1 . The drawings are objected to because Figures 1 and 2 are sloppy. Corrected 
drawing sheets in compliance with 37 CFR 1.121(d) are required in reply to the Office 
action to avoid abandonment of the application. The objection to the drawings will not 
be held in abeyance. 

Specification 

2. The disclosure and claims 8 and 23 are objected to because the term "voice 
recognition" is misused for what nowadays is called -speech recognition-- in the 
speech signal processing art. While "voice recognition" and "speech recognition" were 
both once used interchangeably to refer to spoken word recognition, nowadays these 
two terms are distinguished. The term "voice recognition" now denotes identification of 
who is doing the speaking (class 704/246), while "speech recognition" (or "word 
recognition") denotes identification of what is being said (class 704/251). So, 
appropriate correction to the proper terms of art is required. 

Claim Rejections - 35 USC § 102 

3. The following is a quotation of the appropriate paragraphs of 35 U.S.C. 102 that 
form the basis for the rejections under this section made in this Office action: 

A person shall be entitled to a patent unless - 

(b) the invention was patented or described in a printed publication in this or a foreign country or in public 
use or on sale in this country, more than one year prior to the date of application for patent in the United 
States. 



Application/Control Number: 09/965,052 Page 3 

Art Unit: 2655 

4. Claims 13, 14, 30, 31, 40, and 41 are rejected under 35 U.S.C. 102(b) as being 
anticipated by Stanford et al. (U.S. Pat. 5,615,296). 

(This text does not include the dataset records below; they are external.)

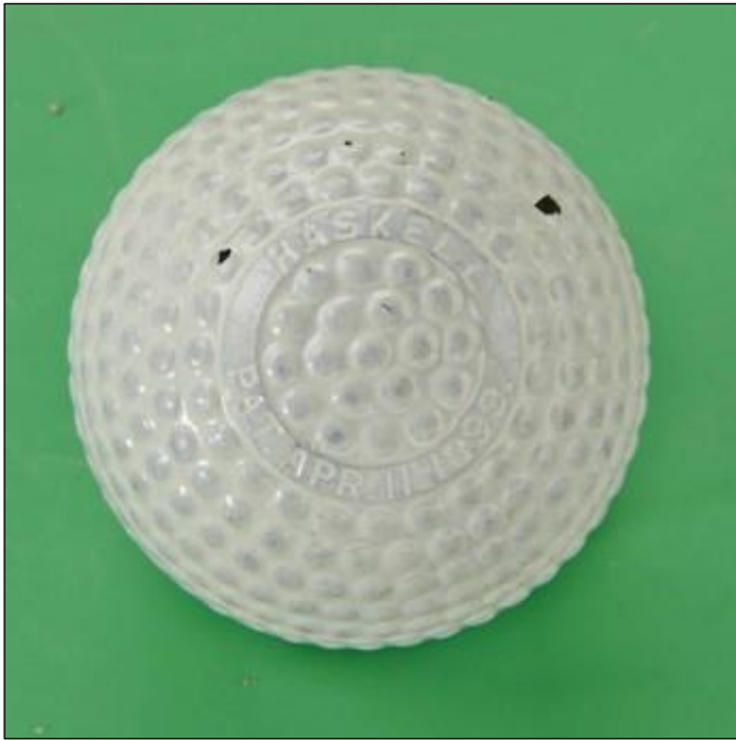
Figure 8 "Haskell" golf ball

different reasons, none of the golf balls which were the making of golf were patented in the UK.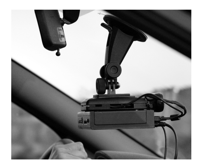
Figure 1: AutoSync for RoadMusic - PC, accelerometers and camera.

^6\mathrm{Pure} Data, is an open source programming environmement developed by Miller Puckett. [10]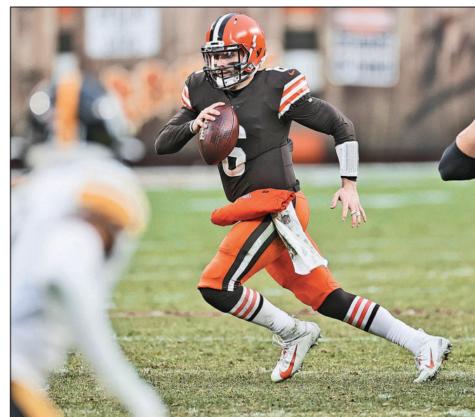
Cleveland Browns quarterback Baker Mayfield (6) scrambles against the Pittsburgh Steelers last Sunday in Cleveland. Mayfield leads the short-handed Browns against the Steelers in the wild-card round. The Browns' last playoff appearance was in 2002.

ing win over Jacksonville. Only Derrick Henry was more productive in that stretch and Taylor finished third on the season with 1,169 yards. The Colts will likely need another big performance to keep pace with the high-powered Bills on Saturday. Chris Godwin and Mike Evans: The two Tampa Bay wideouts have been among the most productive receivers in the league but never managed to make it to the playoffs until Brady arrived in 2020. Evans is the first player to begin his career with at least 1,000 yards receiving in each of his first seven seasons but is nursing a left knee injury that leaves his status in doubt this week. Godwin was slowed a bit by injuries this season but still has 3,015 yards and 23 TDs over the past three seasons.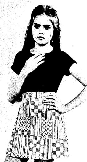
Skoater skirts that were $8 are now 5.90 and T-shirts that were $6 are now 4.40. (Cost possible!) Anyway skirts are 7 to 14, tops are $5-M, and one or several outfits are what you need to start through every day of summer. Girls' Collection.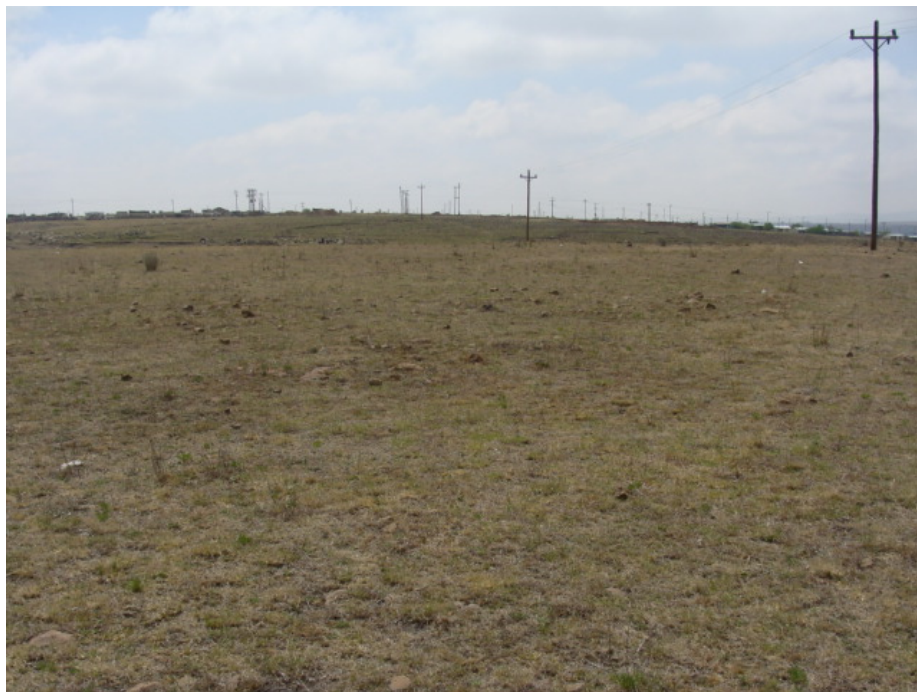
Figure 6 General view of the surveyed area showing low grass cover.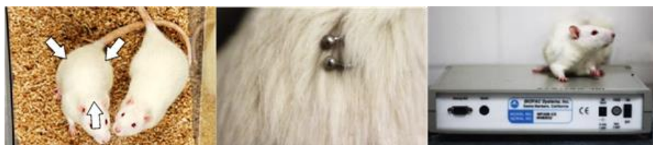
Figure 2. Scheme of applying (a) piercing (b) in rats for recording ECG on a Biopac M30-B polygraph (California, USA) (c).

Two days before the surgical intervention, all rats, under general anesthesia with a solution of Zoletil 100, were sutured with metal half-rings with capitate ends in three places - two in the back and one in the withers (Fig. 2 a, b). On the day of surgery, before the intervention itself, a control ECG recording was performed for 15 minutes on a Biopac M30-B research polygraph (California, USA). At the same time, the rats were in a free state. After the operation, the ECG was also recorded for 15 minutes daily for 6 days.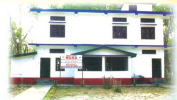
NEW COLLEGE CANTEEN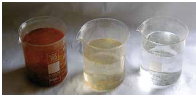
Water before, during and after treatment at off ABB de-oiling plants)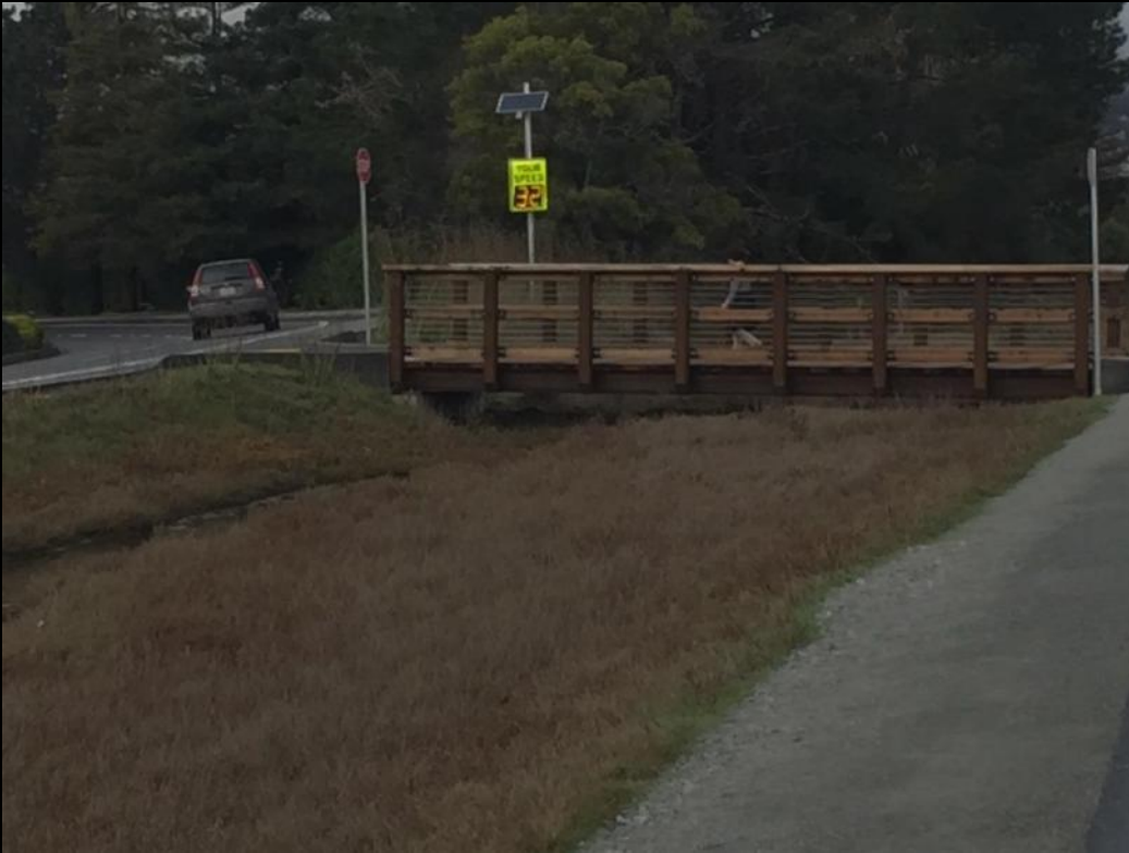
Bicycle / Pedestrian bridge connection to the Bay Trail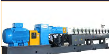
ADVANCE TWIN EXTRUDER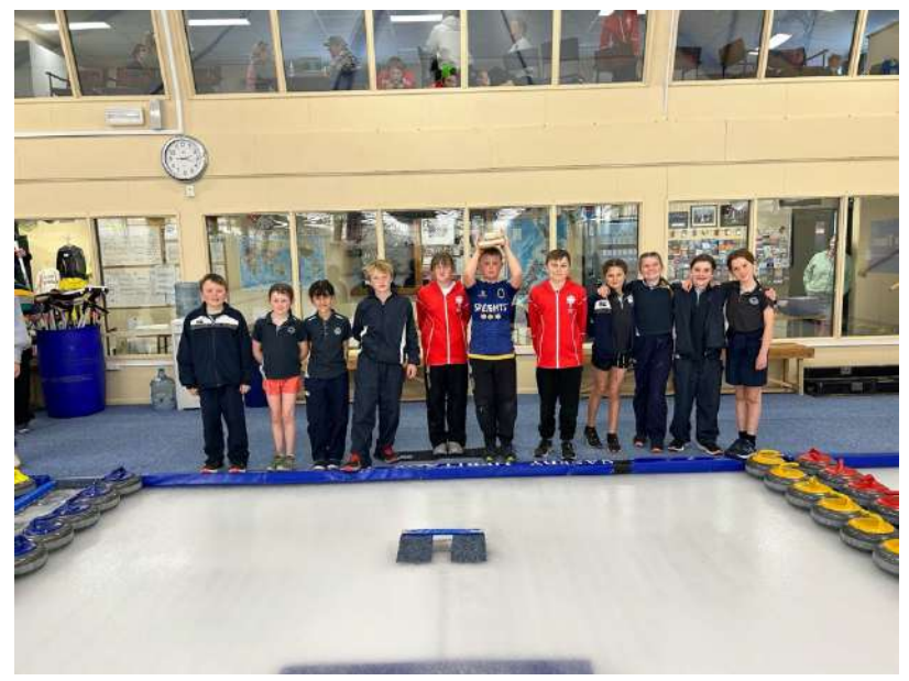
The first three placegetters in the year 5 and 6 category.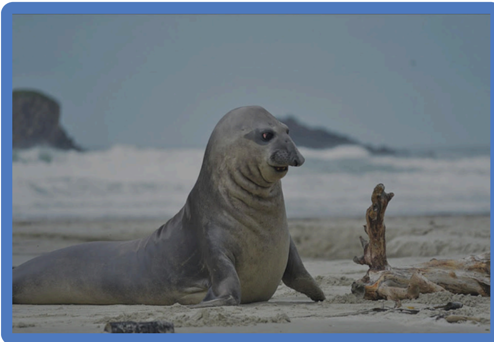
Adults Wildlife Category - Paul Donovan - Finalist - 2026 Tūhura Photography Exhibition

Inspired by what you see? Paul Donovan will be teaching Photography: Getting Started next term, offering students the chance to develop their own photographic skills under the guidance of an experienced and accomplished photographer. Places are expected to fill quickly, so keep an eye out on our website for enrolment details.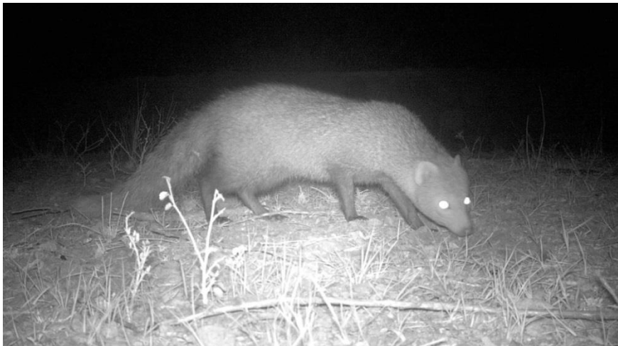
White-tailed Mongoose (Ewan Davies)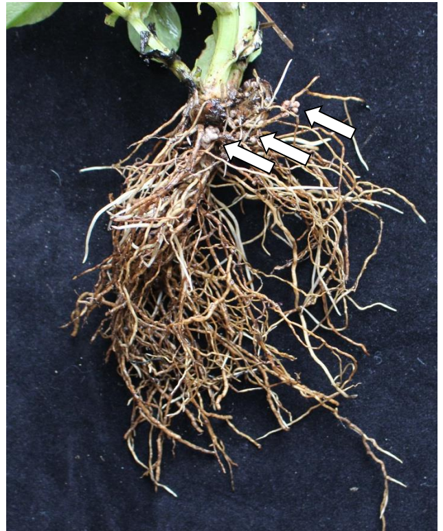
Less than 15 nodules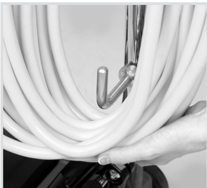
A quick release cord wrap assists the removal of the power cable without unwrapping.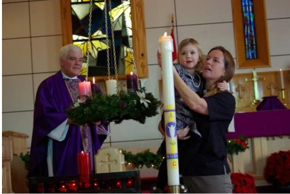
"The Light shines in darkness and the darkness has not overcome it." John 1:5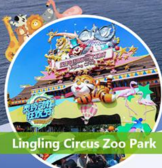
Lingling Circus Zoo Park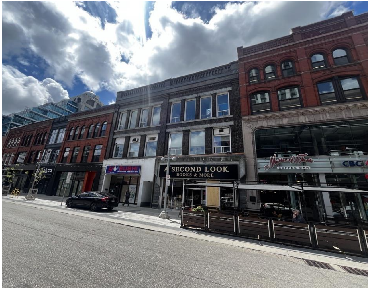
Figure 2: Front Façade of Subject Property

103-109 King Street West fronts onto King Street West. It's façade is divided vertically into two sections by three piers, three storeys in height which create two bays. The first floor of the building contains storefronts and its appearance has been modernized. The second storey contains a row of six windows, three in each bay. The windows do not appear to be original and the window openings on the eastern-most bay have been reduced in size. Below the windows are stone sills, and above and dividing the second storey from the third is a continuous stone lintel. The third storey contains a row of eight windows, four in each bay and all of a size. The windows do not appear to be original. These windows are also framed by stone lintels and sills. The roofline possesses a brick parapet with decorative brickwork.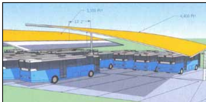
An artist's rendering of the proposed Laredo Solar Canopy

As part of its sustainability initiative, MARTA became a signatory to the American Public Transportation Association's (APTA) Sustainability Program. This nationwide pilot program calls on MARTA and other signatories to take pro-active steps to preserve the environment for current and future generations, to be socially responsible and to maintain economic viability.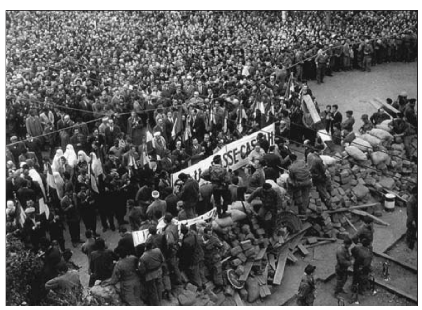
The barricades in Algiers, 25-27 January 1960.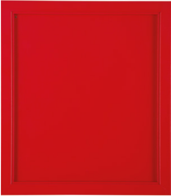
CTP 140 Substrate: Maple Color: Enzo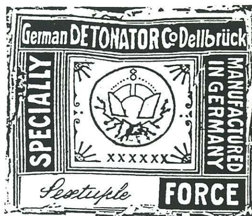
GERMAN DETONATOR, XXXXXX Blue letters on White Paper Reported by Lane Griffin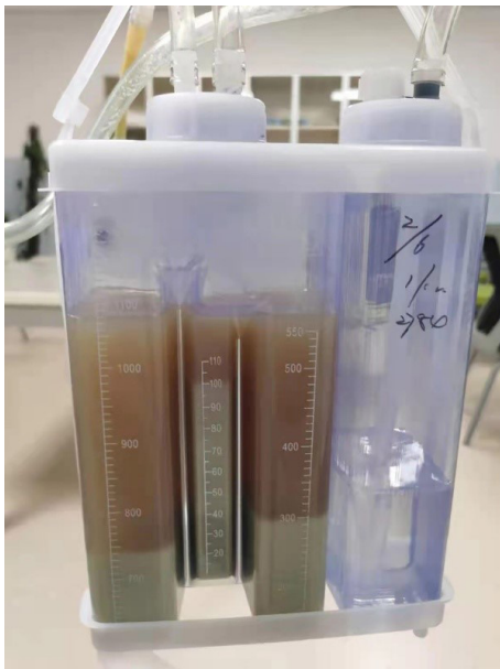
Figure 3. Gross Appearance of Pleural Effusion.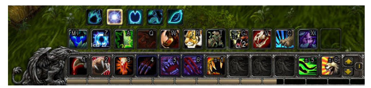
Figure 12: Customized action icons for a druid character. Note that each icon has a letter or number corresponding to the key or key combination used to activate them. This customized set has been altered to use those keys for nearly all commands. In this way the mouse is used only for locomotion, while the keyboard is used for all other duties using the player's left hand.

"Each slot on the standard action bar corresponds to a key on your keyboard. To trigger an ability, you can press the corresponding button on your keyboard. Simple!"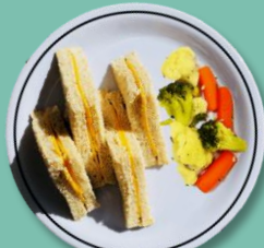
Cheese Sandwich (v)

Fruit Salad (ve) & Fresh Fruit Selection (ve)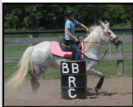
Beaverton Barrel Racing Club event.

liked that too!! We spent our days on the trails, we had picnic lunches and snack breaks. This is when we discovered that Annie loves Kit Kats!! After a long day on the trail, all the other horses were really glad to get back to camp but Annie wanted to stay on the trails and go again! She was the toughest horse on the trail rides and only wanted to get back to get her grain. Annie and I had a great time and we can't wait to go back next year!!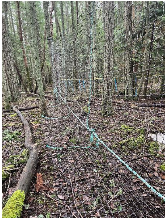
Figure 3: Netting in forested area secured to trees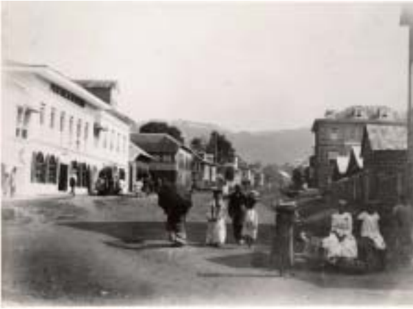
Hawe Street, Freetown, Sierra Leone in 1905, taken as one of the UAC companies, Pickering and Berthoud appears on the left.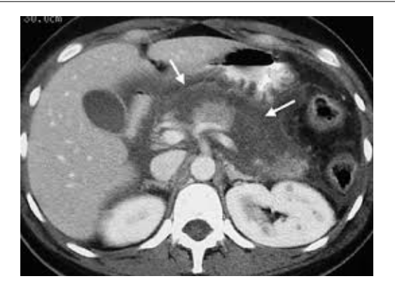
Figure 1. CECT Abdomen (CT index -10)

The patient was kept nil per mouth, NG tube in situ, intravenous fluid therapy with CVP monitoring as there was no oral hypolipediminc drug both startin and fenofibrate started through Ng tube. During the hospital stay, his abdominal pain, triglyceride, and pancreatic enzyme levels did not improve.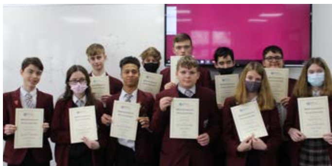
SILVER CERTIFICATE WINNERS

Congratulations to all the participants of the 2022 BPhO for these fantastic results, you have made the school very proud.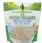
Green Giant Riced Veggies Cauliflower, 12.0 OZ $2.48 each

Regarding claims 13, 30, and 40, Stanford teaches a speech translation method, 
apparatus and computer readable medium containing executable computer program 
instructions comprising: 

generating a first phoneme from a first audio signal using a first context of a 
language vocabulary (uses first context to give user available speech options and 
switches to second context once the first audio signal is determined, col. 10, lines 65-67 
and col. 11, lines 1-8); 

switching said first context to a second context (switches to types of restaurants 
after selection, col. 1 1 , lines 3-8); and 

generating a second phoneme from a second audio signal using said second 
context of the language vocabulary (col. 1 1 , lines 8-1 1 ). 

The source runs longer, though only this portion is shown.